Your content starts here...

Frontmatter fields

  • id -- The slug, derived from the page title or a custom Slug property in Notion.
  • path -- Relative file path in the output directory.
  • type -- From the Type/Kind property in Notion, defaults to post.
  • created / last_updated -- Dates from Notion page metadata.
  • source.page_id -- The original Notion page ID for traceability.
  • meta.seo_title -- From an SEO Title property, or falls back to the page title.
  • meta.description -- From a Description property, or auto-extracted from the first paragraph.
  • meta.language -- From a Language property, or auto-detected from the content.
  • meta.reading_time -- Estimated minutes to read (200 words/minute).
  • meta.word_count -- Total word count of the content body.

Framework guides

Next.js

Wrap your next.config with withNotion() to sync on every build, then read content through the typed accessors and render it with the <NotionContent> server component:

// next.config.mjs
import { withNotion } from 'notion-to-site/next/plugin'
export default withNotion({})

withNotion lives in the build-time entry notion-to-site/next/plugin so the sync engine (@notionhq/client, sharp) never lands in your runtime/server bundle or Next's file trace. The runtime readers below import from notion-to-site/next. Use an ESM config (next.config.mjs): the package is ESM-only, so next.config.ts cannot resolve the subpath export.

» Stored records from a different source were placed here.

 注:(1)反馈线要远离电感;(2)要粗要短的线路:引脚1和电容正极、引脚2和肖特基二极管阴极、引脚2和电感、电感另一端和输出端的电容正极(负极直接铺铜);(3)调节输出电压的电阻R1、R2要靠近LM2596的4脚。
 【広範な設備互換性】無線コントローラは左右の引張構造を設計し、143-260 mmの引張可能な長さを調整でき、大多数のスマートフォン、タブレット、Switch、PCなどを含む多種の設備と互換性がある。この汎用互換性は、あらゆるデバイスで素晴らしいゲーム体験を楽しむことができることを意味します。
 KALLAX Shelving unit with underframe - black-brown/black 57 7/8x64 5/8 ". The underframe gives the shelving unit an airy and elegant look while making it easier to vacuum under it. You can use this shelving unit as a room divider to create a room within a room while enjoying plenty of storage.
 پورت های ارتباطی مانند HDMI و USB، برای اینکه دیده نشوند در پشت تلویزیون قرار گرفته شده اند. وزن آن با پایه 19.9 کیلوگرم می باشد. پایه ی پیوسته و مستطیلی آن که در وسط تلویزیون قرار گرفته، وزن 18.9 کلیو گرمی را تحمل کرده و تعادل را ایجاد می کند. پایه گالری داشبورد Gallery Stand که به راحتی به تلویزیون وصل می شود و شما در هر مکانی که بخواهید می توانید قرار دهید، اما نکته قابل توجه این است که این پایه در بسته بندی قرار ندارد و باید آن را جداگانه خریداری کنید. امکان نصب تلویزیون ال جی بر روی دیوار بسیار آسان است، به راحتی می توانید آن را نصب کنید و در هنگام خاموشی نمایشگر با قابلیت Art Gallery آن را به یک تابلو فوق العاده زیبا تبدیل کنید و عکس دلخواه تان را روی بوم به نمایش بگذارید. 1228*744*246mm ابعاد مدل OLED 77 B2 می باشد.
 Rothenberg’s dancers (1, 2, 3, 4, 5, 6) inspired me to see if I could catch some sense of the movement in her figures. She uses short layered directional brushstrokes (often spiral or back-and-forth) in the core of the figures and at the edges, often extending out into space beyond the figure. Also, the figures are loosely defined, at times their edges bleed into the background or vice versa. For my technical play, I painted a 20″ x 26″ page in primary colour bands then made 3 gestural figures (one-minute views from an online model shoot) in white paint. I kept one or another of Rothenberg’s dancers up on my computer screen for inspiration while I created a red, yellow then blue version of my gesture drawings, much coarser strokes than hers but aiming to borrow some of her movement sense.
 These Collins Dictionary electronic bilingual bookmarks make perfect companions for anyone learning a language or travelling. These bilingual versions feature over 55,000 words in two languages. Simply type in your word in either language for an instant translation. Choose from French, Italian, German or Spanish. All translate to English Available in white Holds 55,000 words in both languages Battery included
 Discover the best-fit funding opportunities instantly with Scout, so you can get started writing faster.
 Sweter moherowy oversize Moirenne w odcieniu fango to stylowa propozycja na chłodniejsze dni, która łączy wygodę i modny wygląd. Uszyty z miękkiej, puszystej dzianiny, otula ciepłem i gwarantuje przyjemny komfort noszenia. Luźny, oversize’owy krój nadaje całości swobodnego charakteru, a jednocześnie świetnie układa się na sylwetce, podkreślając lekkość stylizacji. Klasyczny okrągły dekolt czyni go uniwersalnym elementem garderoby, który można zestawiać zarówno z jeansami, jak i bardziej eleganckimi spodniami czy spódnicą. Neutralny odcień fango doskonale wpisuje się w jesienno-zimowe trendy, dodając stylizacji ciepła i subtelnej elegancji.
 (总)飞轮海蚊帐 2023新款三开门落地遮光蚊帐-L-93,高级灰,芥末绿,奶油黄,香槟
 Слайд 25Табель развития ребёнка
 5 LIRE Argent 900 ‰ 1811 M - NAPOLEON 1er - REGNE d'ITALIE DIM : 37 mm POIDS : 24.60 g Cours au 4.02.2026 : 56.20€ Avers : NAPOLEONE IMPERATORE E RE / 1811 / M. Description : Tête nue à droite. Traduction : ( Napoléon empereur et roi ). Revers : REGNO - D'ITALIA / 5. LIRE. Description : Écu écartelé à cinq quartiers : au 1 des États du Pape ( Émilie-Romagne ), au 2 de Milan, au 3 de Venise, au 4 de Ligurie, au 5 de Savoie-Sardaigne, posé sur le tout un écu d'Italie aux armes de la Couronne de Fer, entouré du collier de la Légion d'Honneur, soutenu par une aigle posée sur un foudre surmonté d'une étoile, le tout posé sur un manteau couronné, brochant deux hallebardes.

// app/posts/[slug]/page.tsx
import { getPageBySlug, NotionContent } from 'notion-to-site/next'

export default async function Post({ params }) {
  const post = await getPageBySlug((await params).slug)
  return <NotionContent body={post.content} />
}

getAllPages() / getPageBySlug() are generic — pass your generated NotionContent type (typed mode) for full type safety. See examples/nextjs.

Astro

The cleanest path is the Content Layer loader — no nts sync step and no files on disk:

// src/content.config.ts
import { defineCollection } from 'astro:content'
import { notionLoader } from 'notion-to-site/astro'

const blog = defineCollection({
  loader: notionLoader({ database: process.env.NOTION_DATABASE_ID }),
})
export const collections = { blog }

The loader runs the sync engine in-process when Astro builds the collection, so getCollection() and <Content /> work directly. See examples/astro. Prefer files on disk? Set output to ./src/content/blog, run nts sync, and define a matching collection schema.

SvelteKit

Use mdsvex for markdown processing. Set output to a directory your routes can import from, and parse frontmatter with gray-matter in your +page.ts load function. The JSON adapter (adapter: 'json') is also a good fit if you prefer to load content as data rather than rendered markup.

How it works

nts connects to the Notion API, fetches every page in your database, and converts each one to markdown using custom block-type renderers. It extracts metadata from Notion page properties (title, tags, status, author, etc.), builds structured frontmatter, resolves internal links between pages, and writes the result to your chosen output format.

Environment variables

Variable Description
NOTION_API_KEY Your Notion integration API key (required)

You can set this in a .env or .env.local file in your project root. Both are loaded automatically.